== Segment start ==

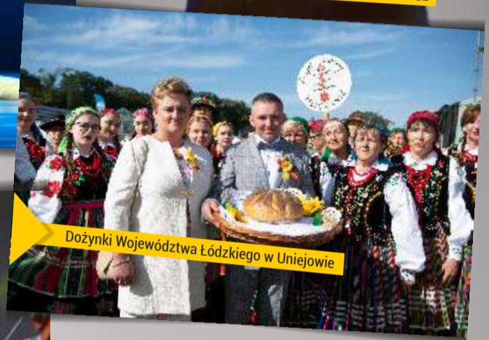
Dożynki Województwa Łódzkiego w Uniejowie
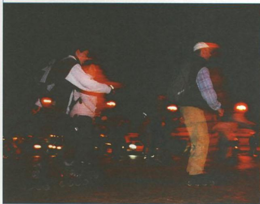
Le vendredi soir, ceux qui aiment les rollers se donnent rendez-vous pour une balade dans les rues de Paris qui dure plusieurs heures.
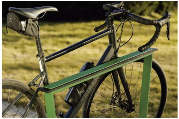
Detail: Das obere schräg angebrachte Element ist mit einem integrierten, widerstandsfähigen Gummistreifen ausgerüstet
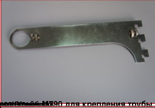
Цена 100 рублей Кронштейн M790 для крепления трубы D=25 на перфорацию
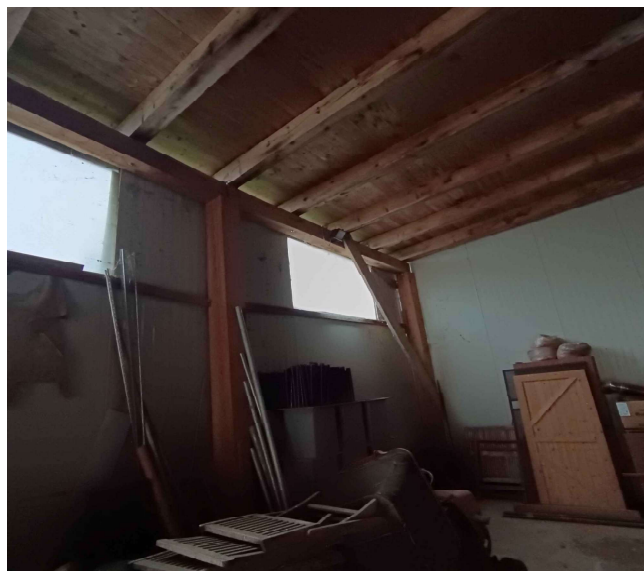
Vedute esterne e interne immobile foglio 46 mappale 363 subalterno 1

== Segment end ==

(Task details): Leave out the images and copy all remaining data word for word.

(Task result):
Dożynki Województwa Łódzkiego w Uniejowie
Le vendredi soir, ceux qui aiment les rollers se donnent rendez-vous pour une balade dans les rues de Paris qui dure plusieurs heures.
Detail: Das obere schräg angebrachte Element ist mit einem integrierten, widerstandsfähigen Gummistreifen ausgerüstet
Цена 100 рублей Кронштейн M790 для крепления трубы D=25 на перфорацию
Vedute esterne e interne immobile foglio 46 mappale 363 subalterno 1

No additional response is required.